— TASK TO COMPLETE —
An exact copy of the lines from the one containing "Growing 14% in" through the last line below is required; include both of those lines and no others.

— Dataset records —
..............................
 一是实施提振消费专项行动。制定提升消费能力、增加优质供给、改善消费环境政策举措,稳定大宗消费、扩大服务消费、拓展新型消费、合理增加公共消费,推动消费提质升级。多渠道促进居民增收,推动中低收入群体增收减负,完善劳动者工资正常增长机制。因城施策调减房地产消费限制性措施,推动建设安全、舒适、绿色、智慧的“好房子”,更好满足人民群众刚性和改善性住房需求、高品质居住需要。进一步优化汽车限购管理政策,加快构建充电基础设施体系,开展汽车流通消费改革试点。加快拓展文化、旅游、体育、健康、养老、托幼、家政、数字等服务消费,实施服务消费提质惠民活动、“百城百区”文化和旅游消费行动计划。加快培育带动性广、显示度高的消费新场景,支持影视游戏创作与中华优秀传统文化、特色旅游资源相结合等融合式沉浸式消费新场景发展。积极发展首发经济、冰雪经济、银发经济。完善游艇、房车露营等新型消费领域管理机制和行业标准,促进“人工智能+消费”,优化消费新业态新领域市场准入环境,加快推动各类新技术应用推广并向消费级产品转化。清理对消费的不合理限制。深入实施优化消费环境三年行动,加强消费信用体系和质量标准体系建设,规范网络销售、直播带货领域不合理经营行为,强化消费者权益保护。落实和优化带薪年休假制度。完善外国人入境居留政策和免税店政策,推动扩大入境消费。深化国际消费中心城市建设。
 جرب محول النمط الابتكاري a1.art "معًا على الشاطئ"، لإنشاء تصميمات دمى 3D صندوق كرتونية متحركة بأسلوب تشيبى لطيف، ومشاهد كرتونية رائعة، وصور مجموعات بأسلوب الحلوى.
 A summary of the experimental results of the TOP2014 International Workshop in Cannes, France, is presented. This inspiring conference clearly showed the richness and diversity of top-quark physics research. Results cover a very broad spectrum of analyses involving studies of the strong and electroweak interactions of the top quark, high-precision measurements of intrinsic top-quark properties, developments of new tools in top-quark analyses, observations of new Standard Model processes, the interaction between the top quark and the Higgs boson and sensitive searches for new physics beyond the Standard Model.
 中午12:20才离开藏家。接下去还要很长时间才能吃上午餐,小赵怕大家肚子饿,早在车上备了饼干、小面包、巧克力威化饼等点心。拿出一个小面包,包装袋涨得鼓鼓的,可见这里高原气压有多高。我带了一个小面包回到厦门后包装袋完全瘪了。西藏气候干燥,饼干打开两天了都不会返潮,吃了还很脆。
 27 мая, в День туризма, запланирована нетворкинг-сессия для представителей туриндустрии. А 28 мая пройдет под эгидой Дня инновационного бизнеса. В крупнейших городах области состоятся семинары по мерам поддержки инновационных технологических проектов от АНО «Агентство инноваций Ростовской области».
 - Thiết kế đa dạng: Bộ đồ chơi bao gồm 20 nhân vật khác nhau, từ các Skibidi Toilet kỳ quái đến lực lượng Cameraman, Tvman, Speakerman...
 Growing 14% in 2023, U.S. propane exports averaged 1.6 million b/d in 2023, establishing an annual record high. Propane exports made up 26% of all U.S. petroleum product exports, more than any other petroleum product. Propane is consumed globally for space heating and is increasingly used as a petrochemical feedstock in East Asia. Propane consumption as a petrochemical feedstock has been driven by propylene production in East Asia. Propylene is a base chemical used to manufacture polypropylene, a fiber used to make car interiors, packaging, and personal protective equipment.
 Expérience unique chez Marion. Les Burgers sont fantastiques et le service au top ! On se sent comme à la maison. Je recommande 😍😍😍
..............................
— WRITTEN RESPONSE —
 Growing 14% in 2023, U.S. propane exports averaged 1.6 million b/d in 2023, establishing an annual record high. Propane exports made up 26% of all U.S. petroleum product exports, more than any other petroleum product. Propane is consumed globally for space heating and is increasingly used as a petrochemical feedstock in East Asia. Propane consumption as a petrochemical feedstock has been driven by propylene production in East Asia. Propylene is a base chemical used to manufacture polypropylene, a fiber used to make car interiors, packaging, and personal protective equipment.
 Expérience unique chez Marion. Les Burgers sont fantastiques et le service au top ! On se sent comme à la maison. Je recommande 😍😍😍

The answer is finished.